“Reafirmamos o nosso compromisso com a igualdade de oportunidades e com a promoção do talento feminino na Mapfre. Esta é uma convicção que nos acompanha há décadas e que hoje se materializa em factos, números e resultados tangíveis nos quase 40 países onde estamos presentes”. Juan Carlos Rondeau, diretor geral da Área Corporativa de Pessoas e Organização da Mapfre, sublinhou ainda que “a diversidade, a inclusão e a igualdade são compromissos nos quais acreditamos, porque contribuem para construir um mundo mais justo e solidário”.
No Dia Internacional da Mulher, celebrado a 8 de março, não esquecemos que é essencial reconhecer a igualdade de género e as conquistas das mulheres.

Dados globais
Dos 30.846 colaboradores em todo o mundo, mais de metade (55,1%) são mulheres.
No Conselho de Administração da MAPFRE, 7 mulheres representam 46,7% dos membros; 43,1% dos cargos de responsabilidade são desempenhados por talento feminino; a percentagem de mulheres em funções executivas é de 35,4% (mais 0,9 p.p. face a 2024); e as mulheres representam mais de metade das promoções internas (50,3%) e das novas incorporações (54,6%) em 2025.
Política de Diversidade
Defendemos que o talento não tem género e que a diversidade enriquece a tomada de decisões, impulsiona a inovação e contribui para o desenvolvimento social e empresarial. Esta visão traduz‑se numa estratégia global que combina políticas internas e programas de desenvolvimento assentes em critérios de mérito, reconhecendo e recompensando o esforço de forma justa e equitativa, e eliminando qualquer barreira que impeça mulheres e homens de alcançar o seu máximo potencial.

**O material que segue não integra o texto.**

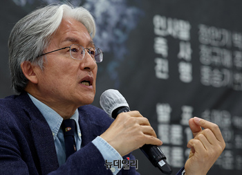 송재윤 캐나다 맥사스터대학 교수가 22일 오후 서울 종로구 서울글로벌센터에서 포럼1948, 정규재TV 주최로 열린 춘계 공개포럼에서 '1950 한강 인도교 폭파의 재구성'을 주제로 발표하고 있다. 이어진 토론에는 박종인 조선일보 기자, 류석춘 연세대 명예교수가 나섰다.

O Grupo atua também como um verdadeiro “cavalo de Troia” para derrubar barreiras culturais e acelerar a igualdade em contextos onde as desigualdades de género continuam profundamente enraizadas. Esta abordagem internacional assenta em planos estratégicos e objetivos concretos, revistos periodicamente. Desenvolvemos ainda várias iniciativas internas e externas, como a ClosinGap, uma associação que analisa as principais lacunas de género. Entre os estudos, destaca‑se que a desigualdade na reforma e na poupança entre mulheres e homens em Espanha representa um impacto económico de 28.500 milhões de euros por ano, equivalente a 1,8% do PIB.